Challenge #01307-C212: Re-forming Content

Someone who just 'removed' the tyrant, and has put their non-evil child in charge, after confronting them with the fact that the parent they loved was a tyrannical dictator sacrificing their people for their own vainglory: "My condolences on your coronation. You're welcome." -- RecklessPrudence

Queen Kindness the First had loved her father. Her days revolved around the hours that he came to her suites and played with her, or read to her, or listened while she talked and they strolled through her magnificent private gardens.

No trouble was allowed to enter her door, and her windows were too high to see any troubles.

In hindsight, it was a perfectly constructed paradise.

And then, in the space of a week, she had gone from having the biggest trouble of her day being a snarl in her hair... to learning that her kingdom was in the most dire of trouble. And that news came from a bloodstained knight who was amongst one of the rebelling forces. He had been one of her guard, and asked her about situations that she had thought hypothetical.

Until the day he stopped coming to her gardens.

Now those situations were far, far too real. Merchants had a strangle-hold on the kingdom. Their immediate neighbours were angry at her father and distrustful of her. Insane taxes went to vainglory and not to help the hungry. It was going to be a lot of work to get her kingdom stable.

That knight at least looked sad when he imparted the news. She had the one who said, "My condolences on your coronation. You're welcome," executed. That kind of thinking was no longer welcome.

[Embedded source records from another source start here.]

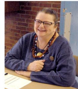
Cera helping at Gate
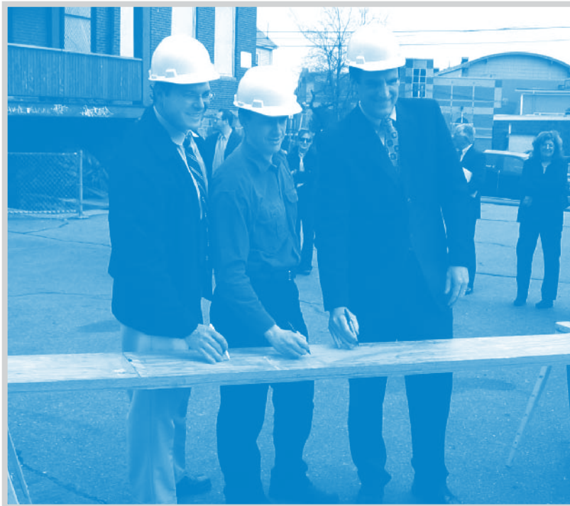
The groundbreaking ceremony for Keen Studios in Chelsea, Massachusetts, launched the conversion of a historic elementary school into artist live/work condominiums.

issues; catalogue best practices; provide technical assistance to artists and arts businesses; and work with state, local, and nonprofit developers to create affordable, sustainable housing models, the initiative hosts an electronic bulletin board where artists and property owners can post their needs and available spaces.
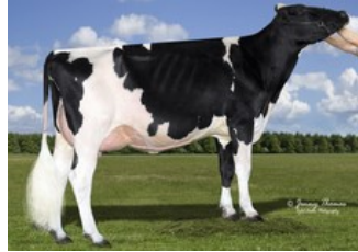
Calbrett Supersire Barb RDC VG-86
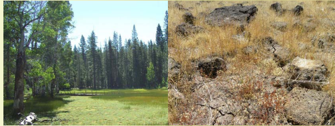
Figure 3. Vernal pools dry out completely in August-September. Their soil has cracks; most vernal pool plants set seeds and die. Dominant plants on the right image are: <u>Deschampsia danthonioides</u> (yellow), <u>Polygonum polygaloides ssp. confertiflorum</u> (brown), and <u>Navarretia leucocephala ssp. minima</u> (whitish).

Our data show that pools found in Lassen Volcanic and its vicinity are good representatives of Modoc Plateau vernal pools. Over 90% of California vernal pools have been destroyed and none of the remaining pools have as high a level of protection as the National Park Service can provide. The diversity of vernal pools within the park and especially in the areas adjacent to the park need further study. This knowledge can be incorporated in the management strategy to support sustainable existence of biodiversity of the Modoc Plateau region.
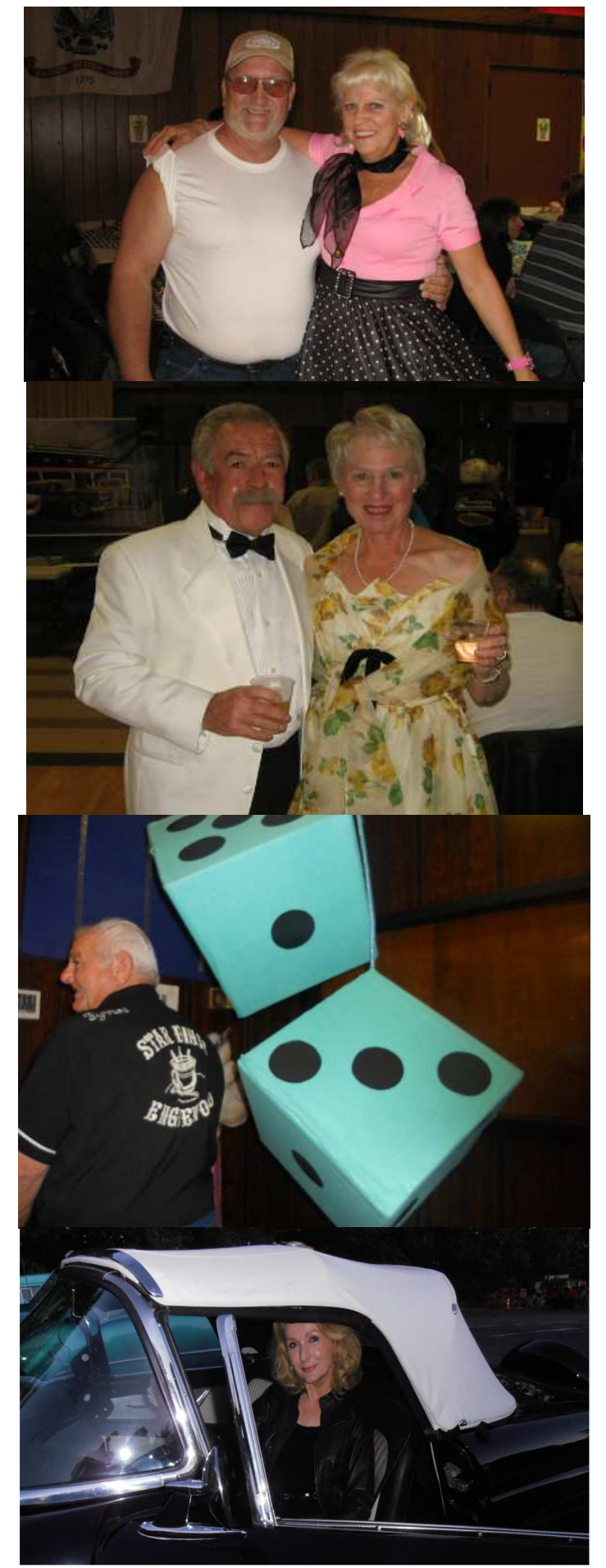
What's better than a 50's car at a 50's dance

Fixing her kingdom required the kind of manipulation that those with the biggest coffers had used against her father.

Before her coronation, she quickly found out who were the most vile and selfish flatterers by appearing as if she didn't have a brain in her head. They were very shocked when they learned they were being sent as emissaries to rival kingdoms, and without the vast amounts of wealth they had siphoned from the royal coffers.

That coin went to buy food for the people, and their lands turned back into farms. Even her bejewelled gardens were turned into farmland to feed so many hungry mouths.

She taxed those who owned the land and withheld it from farming. She taxed those who owned too much and did not pass on their wealth. It took years, but her reforms eventually paid off. When they finally had excess to sell, she relaxed the laws about "decorative gardening" and the matching taxes.

The merchant emissaries returned to pull themselves up by their much-favoured bootstraps. Those who survived their tenure amongst kingdoms they had turned into enemies, anyway. And now that the peasantry was literate, those merchants now became entertainment for the masses as they struggled just like any other poor worker.

Those who vilified her were free to do so, but they would not find many who wished to return to the ways of her father the former king.